France suffered severely the Viking raids of the ninth century, too. The reign of Charles the Bald coincided with some of the worst of these raids, though he did take action by the Edict of Pistres of 864 to secure a standing army of cavalry under royal control to be called upon at all times when necessary to fend off the invaders. He also ordered the building of fortified bridges to prevent inland raids. In the 9th and 10th centuries the Vikings raided the largely defenceless Frisian and Frankish towns laying on the coast and along the rivers of the Low Countries. Although Vikings never settled in large numbers in these areas, they did set up long-term bases and were even acknowledged as lords in a few cases.

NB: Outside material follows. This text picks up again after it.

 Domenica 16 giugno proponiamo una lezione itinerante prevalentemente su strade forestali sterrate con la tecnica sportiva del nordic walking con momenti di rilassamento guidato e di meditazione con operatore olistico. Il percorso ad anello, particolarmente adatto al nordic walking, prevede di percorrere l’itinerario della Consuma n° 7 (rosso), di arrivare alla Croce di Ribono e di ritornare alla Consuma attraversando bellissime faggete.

By the mid 9th century the Viking attacked on the coastal Kingdom of Asturias in northwest of Spain. During the reign of Alfonso III Vikings were stifling the already weak threads of sea communications that tied Galicia to the rest of Europe. Raiding continued for the next two centuries. In 968 Bishop Sisnando of Compostela was killed, the monastery of Curtis was sacked, and measures were ordered for the defence of the inland town of Lugo. In the Islamic south, the first navy of the Emirate was built after the humiliating Viking ascent of the Guadalquivir in 844 when they sacked Seville. Nevertheless, in 859, Danish pirates sailed through Gibraltar and raided the little Moroccan state of Nakur and Sicily.

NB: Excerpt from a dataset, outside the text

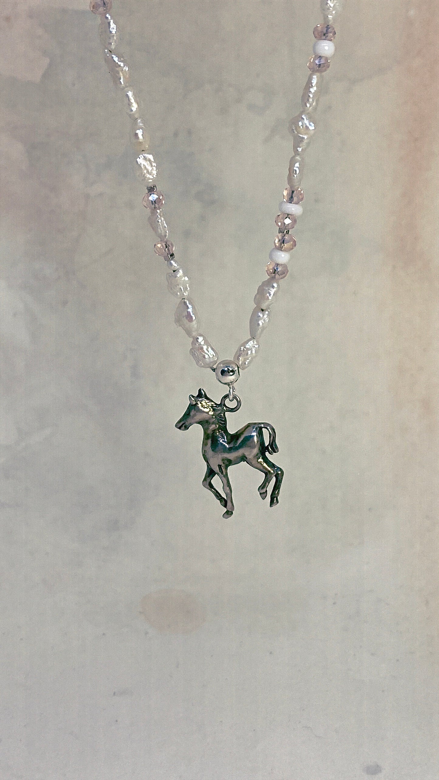 vintage silver (925) pony foal charm on baroque fresh water pearl & glass strand.

In 1060 the Norman leader Robert Guiscard with his brother Roger d’Hauteville opened their invasion of Sicily. The Normans first stormed and captured Messina, that traditional stepping stone from the Italian mainland into Sicily. In subsequent years, aided by dissension among the Saracens and supported by elements of the indigenous Greek population, the Norman invaders fought their way across northern Sicily. They captured the Saracen capital of Palermo ten years later, in 1071. The tide of war in eastern Sicily seesawed back and forth, with major cities taken and then retaken by the contending forces. Finally, in 1090 the last Saracen stronghold fell, and the Normans were left in complete control of the entire island.

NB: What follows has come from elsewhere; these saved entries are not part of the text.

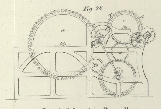 Hauptwalze auf die Feinwalze c überträgt. Auf letzterer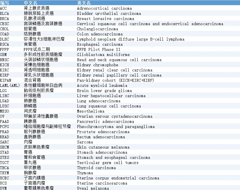 下面是TCGA中肿瘤类型对照表: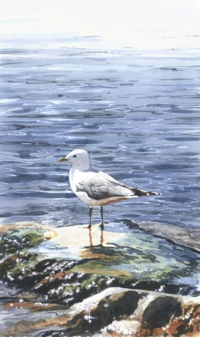 Gråtrut vid vattnet. Blå, naturliga färger. Signerad av konstnär Johan Persson.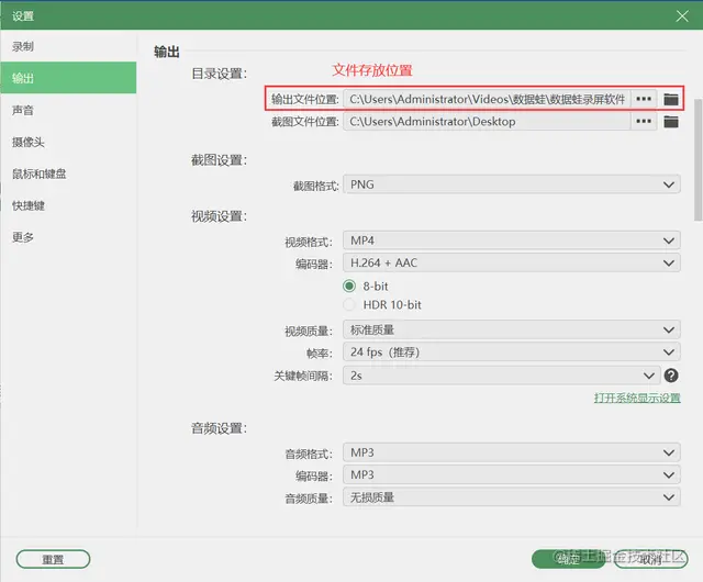 上文提到PPT有自带的录屏功能,使用专业的录屏软件也可以录制视频。那PPT录制视频保存在哪?**1)**使用PPT自带的录屏功能录制PPT,录制完成后,视频会出现在PPT文档中,您还可以把他保存到电脑文件夹,一般默认是在C盘;**2)**在使用专业的录屏工具——数据蛙录屏软件录制PPT时,您可以在软件的【设置】页面找到视频存放的路径,或者修改路径。

The Battle of Stamford Bridge: In England the last battle with a Viking army took place at Stamford Bridge on 25th September, 1066, when Tostig, the enbittered brother of the Saxon king, Harold II, bent on revenge, allied himself with Harold Hardrada, King of Norway, and invaded England with a formidable Norwegian fleet which landed at Riccall, near York. On hearing of the news, King Harold gathered an army and marched to meet them at Stamford Bridge in Yorkshire. Battle commenced when the Saxons attacked the Norwegian shield wall, which despite repeated attempts, they failed to penetrate. The Saxons fell back and the Norwegians, believing them to be in retreat, broke ranks and pursued them, at which the Saxons wheeled round and attacked. Harold Hardrada was killed by an arrow in his neck, his fallen banner, Land-Ravager was seized by Tostig, who assumed command of the Norwegian army. He fell in the frantic conflict shortly after, the Norwegians fought with determination and courage until dusk but victory went to the Saxons. The following day, Olav, the son of Hardrada gave himself up to the English, along with the Earl of Orkney. In a merciful gesture, Harold allowed him to return home, with all the survivors, on a promise they would never invade England again.